= D'Influence =

British record producers

D'Influence (also D-Influence and D*Influence) is a British production team and acid jazz band. Formerly of The Echo Label, they founded their own label, Freakstreet Records. Original members include Kwame Kwaten, Sarah-Ann Webb, Ed Baden-Powell, Ned Bigham and Steve Marston.

==Biography==
D'Influence emerged in 1990 from the UK club scene. The group eventually issued, in August 1992, their debut album entitled Good 4 We on East West Records. That album reached No. 7 on the Blues & Soul Top British Soul Albums chart.
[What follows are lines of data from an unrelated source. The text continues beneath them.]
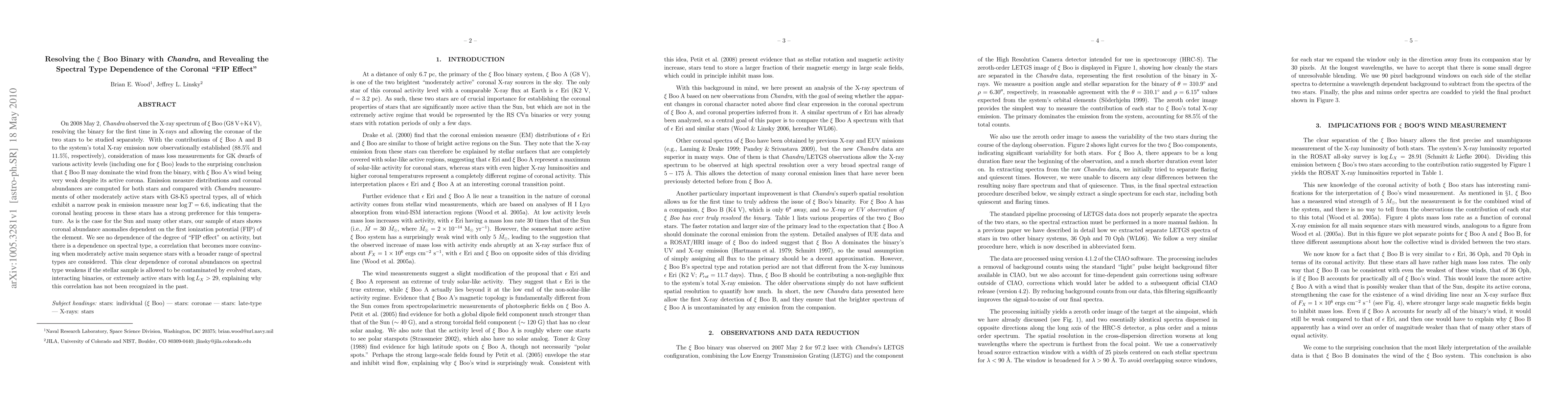 Astronomers used Chandra to study Xi Boo, a binary star system, revealing that one star may dominate the wind from the binary, while the other has a much weaker wind despite its active corona. The study found that coronal abundance anomalies depend on spectral type and have a strong correlation with temperature.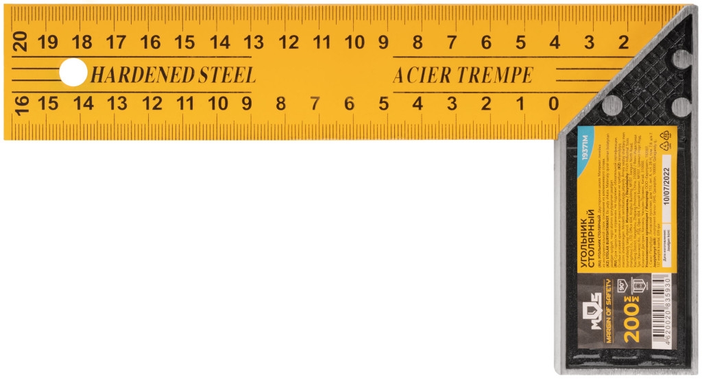 Угольник столярный, двусторонняя шкала, 200 мм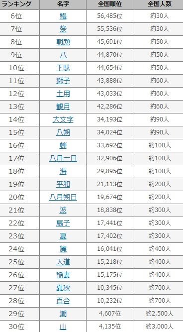 この他にも、夏を連想させる名字はきっとたくさんあるのではないでしょうか。全国に20人や100人しかいない貴重な名字ばかりでしたが、涼やかで素敵な名前がたくさんありました。
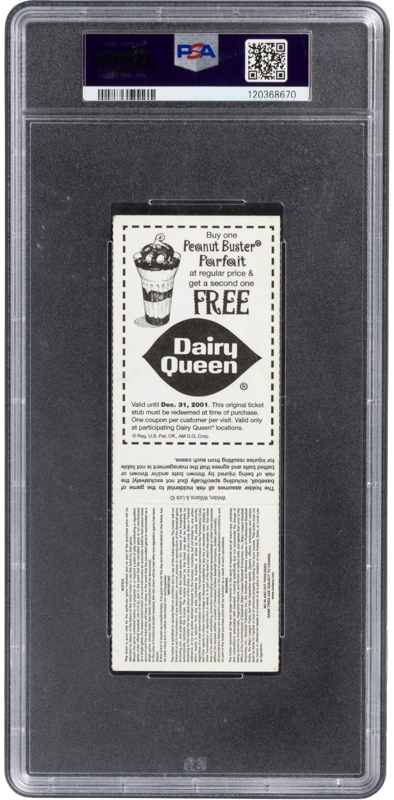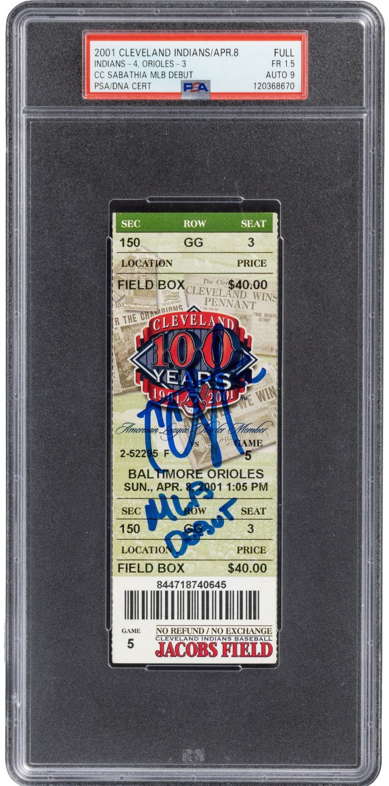 2001 C.C. Sabathia Signed MLB Debut Full Ticket, PSA/DNA FR 1.5 Auto 9 - Pop 1 with 3 Higher. CC Sabathia was a dominant left-handed MLB pitcher, known for his power, leadership, and longevity. A six-time All-Star and 2009 World Series champion, he surpassed 3,000 career strikeouts. Here we offer a full ticket from his MLB that he has signed in Mint sharpie. Encapsulated by PSA/DNA, FR 1.5 Auto 9.

The song "Good Lover" from the LP also got to No. 11 on the Blues & Soul Top British Soul Singles chart.

D'Influence later released their 1995 sophomore studio album, Prayer 4 Unity on EastWest Records. The album reached No. 17 on the UK R&B Albums Chart. A single from the album, entitled "Midnite", reached No. 11 on the UK R&B Singles Chart and No. 24 on the UK Dance Singles Chart. Another single, "Waiting", peaked at No. 26 on the UK R&B Singles Chart.

The group's third studio album, titled London was released in 1997 by Echo Records. This album reached No. 8 on the UK R&B Albums Chart and No. 6 on the UK Independent Albums Chart. A song from the album called "Hypnotize" reached No. 33 on the UK Singles Chart, No. 3 on the UK Dance Singles Chart and No. 8 on the UK R&B Singles Chart. Another single entitled Magic reached No. 19 on the UK Dance Singles Chart, No. 13 on the UK R&B Singles Chart
and No. 19 on the UK Independent Singles Chart.

During 1998 a non album cover of Michael Jackson's "Rock with you", was released by Echo Records. This song peaked at No. 30 on the UK Singles Chart, No. 4 on the UK Independent Singles Chart and No. 6 on the UK R&B Singles Chart.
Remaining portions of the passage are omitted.